Preliminary investigation of machine learning techniques to perform parameters estimation for the crystal structure of type: cube.
Starting from a spectral, which represent a cubic crystal structure, the aim is to develop a ML model which can predict the three different parameters size: a, b, c.
Each observation is a couple (xi, yi), for which xi is a value between 0 and 90, with an increment of 0.02; yi is the intensity.
For the cubic structure the three dimensions are all equal; thus, for the cubic structure is a one-output regression problem.
Different ML algorithms have been implemented, such as: Regression Tree, Random Forest, LSBoost, Neural Network.
Three different experiment have been runned.
To run the Experiment #1:
run_experiment.m
In the experiment 1, the user can set different before running the experiment. In particular:
- threshold, such that a peak in the spectrum coulb be selected
- the number of the first N peaks (greater than the threshold)

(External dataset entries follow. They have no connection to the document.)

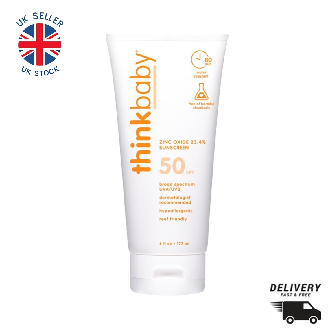 Thinkbaby SPF 50+ Baby Sunscreen, 6oz – Water Resistant, Natural & Vegan Sun Pro
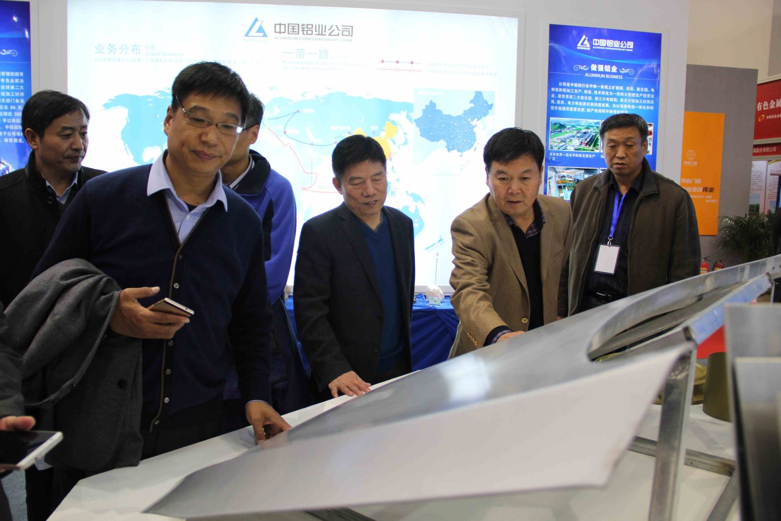11月14日下午,賀懷欽董事長親自帶隊,集團公司領(lǐng)導班子利用短短兩個小時的時間,先后詳細參觀了有色金屬工業(yè)成就展的各個展區(qū)、展臺。偌大展廳內(nèi),各個展臺陳列著有色金屬新材料和鋁加工產(chǎn)品,包括大飛機及船舶用鋁合金蒙皮、輕軌高鐵、飛機起落架、易拉罐罐體、罐蓋及拉環(huán)、汽車前機蓋、卡車油箱踏板、手機后殼及電池蓋、電腦后蓋及內(nèi)構(gòu)板、鋰離子電池用鋁合金板、食品包裝、自行車等多種鋁合金制造產(chǎn)品,可謂琳瑯滿目,美不勝收,預示著鋁精深加工消費市場未來廣闊的應(yīng)用前景。每到一處,賀懷欽董事長和領(lǐng)導班子一起,邊參觀邊詢問,從產(chǎn)品外觀到材質(zhì)、從應(yīng)用到市場占有份額,尤其對每種產(chǎn)品的未來市場前景都一一細致入微地調(diào)研詢問,并饒有興致地不時拿起鋁合金加工產(chǎn)品進行仔細觀察。公司領(lǐng)導班子成員邊走邊看,邊思考邊交流,開放共享、充滿創(chuàng)新元素的成果展讓公司核心層有了很大的收獲。
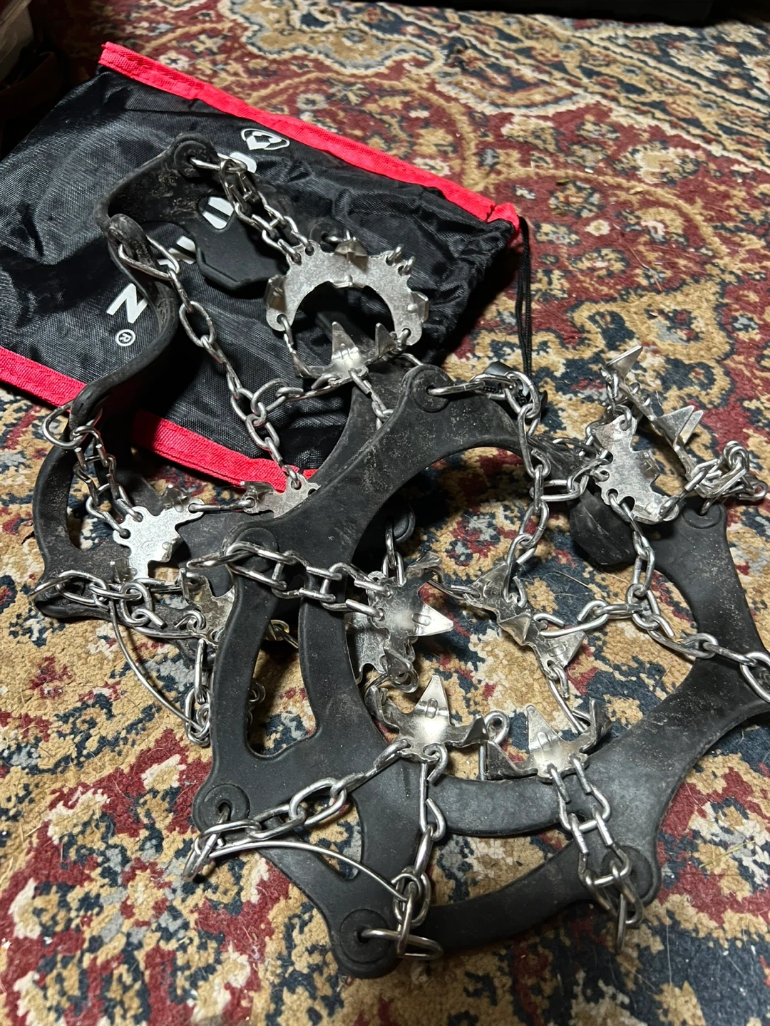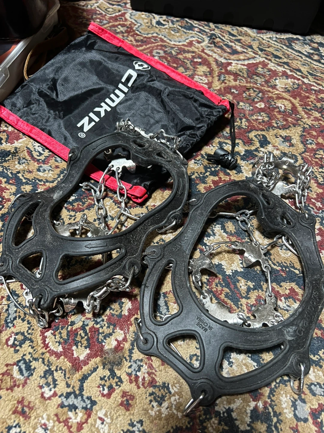Get ready for winter with these Cimkiz ice cleats! They provide great traction on snow and ice. These are size M and come with a convenient carrying bag.
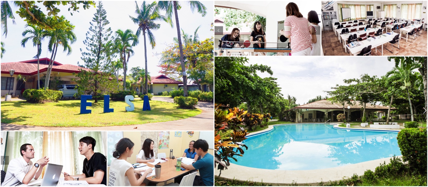 Resort campus: Toạ lạc tại khuôn viên rộng 5 hecta với thiết kế theo phong cách khu nghĩ dưỡng gần gũi với thiên nhiên, ELSA hiện tại là Học viện Anh ngữ lớn nhất Philippines. Ngoài các lớp học nhóm và 1:1, ký túc xá của ELSA còn có đa dạng các tiện tích phục vụ cho nhu cầu sinh hoạt, thể thao và thư giản như hồ bơi, sân bóng rổ, sân cầu lông, hồ bơi, sân chơi cho trẻ,...

- in this experiment only the position (NOT the intensity) of these peaks are used as features for the model training
- if the position of the biggest peak should be used or not as feature
- if the total number of peaks should be used or not as feature
- if the missing value should be replaced or not
Then, the experiment is runned with the selected settings.
To run the Experiment #2:
run_iteration_experiment.m
In the experiment 2, the settings are frozen. In particular:
- threshold = 1
- the numbers of the first N peaks (greater than the threshold) is fixed to [[10 15 20 25 30 40 50]]
- in this experiment only the position (NOT the intensity) of these peaks are used as features for the model training
- if the position of the biggest peak should be used or not as feature (NOT USED)
- if the total number of peaks should be used or not as feature (USED)
- if the missing value should be replaced or not (NOT)
Then, the experiment is runned for each number of peaks and a comparison of the performances is provided.
To run the Experiment #3:
run_experiment_using_all_spectrum_data.m
In the experiment 3, instead of using the position of the first N peaks, we used the entire spectrum data, which are all the yi as features to train the models.
- MATLAB Version 9.14 (R2023a) (https://it.mathworks.com/products/matlab.html)
- Statistics and Machine Learning Toolbox Version 12.5 (R2023a) (https://it.mathworks.com/products/statistics.html)
- Parallel Computing Toolbox Version 7.8 (R2023a) (https://it.mathworks.com/products/parallel-computing.html)